→ STORED DATA
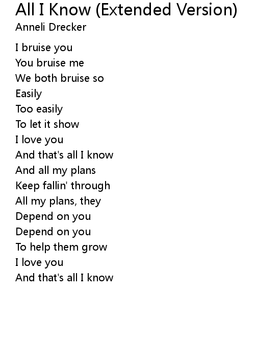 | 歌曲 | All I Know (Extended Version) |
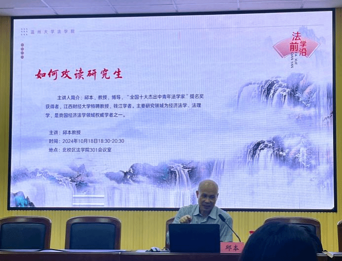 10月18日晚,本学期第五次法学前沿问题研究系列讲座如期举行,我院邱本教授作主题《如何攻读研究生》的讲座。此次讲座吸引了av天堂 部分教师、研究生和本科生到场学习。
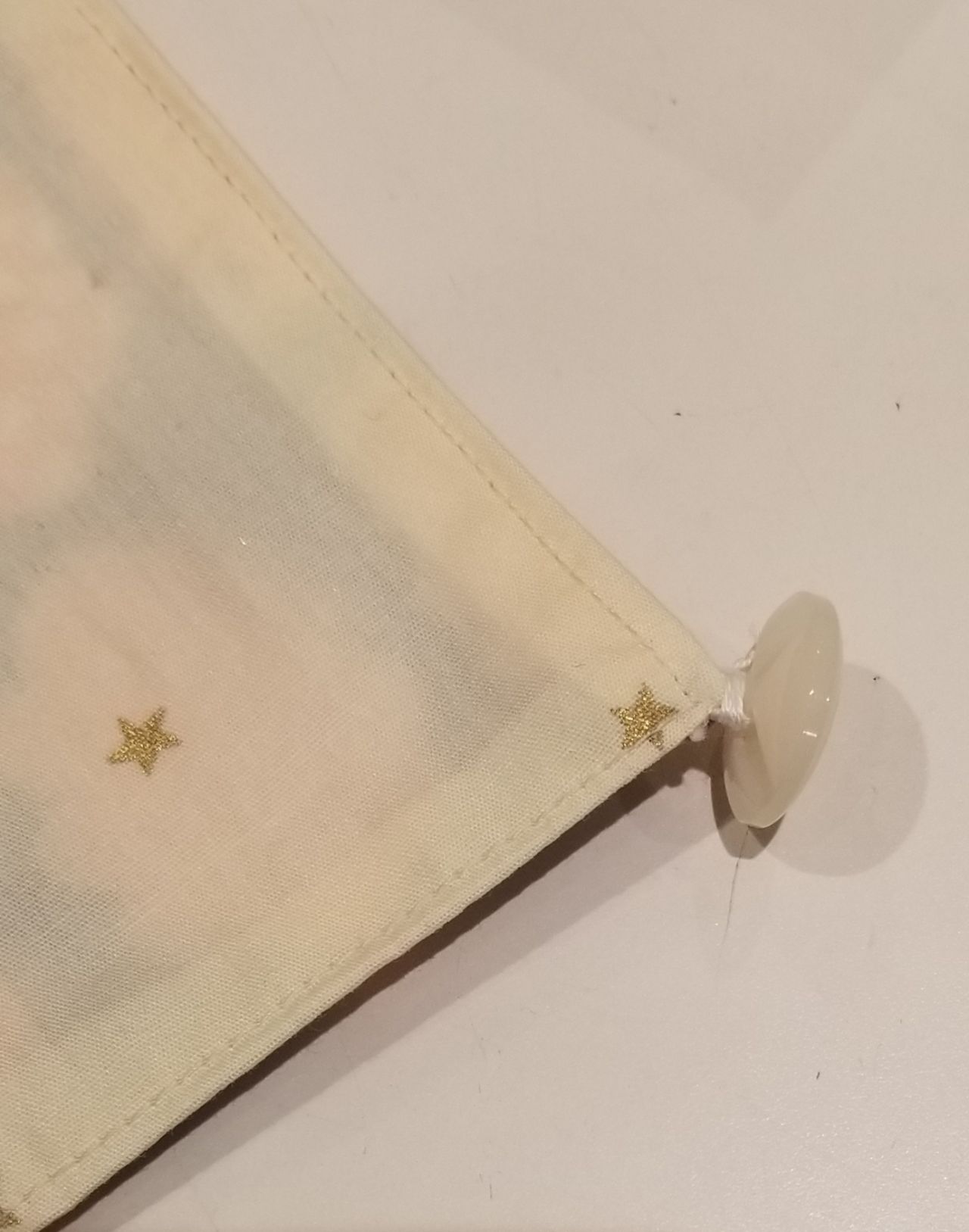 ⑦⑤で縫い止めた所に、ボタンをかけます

→ TASK PROMPT
Please restate the whole listing exactly, without any of its pictures.

→ TASK ANSWER
 | 歌曲 | All I Know (Extended Version) |
 10月18日晚,本学期第五次法学前沿问题研究系列讲座如期举行,我院邱本教授作主题《如何攻读研究生》的讲座。此次讲座吸引了av天堂 部分教师、研究生和本科生到场学习。
 ⑦⑤で縫い止めた所に、ボタンをかけます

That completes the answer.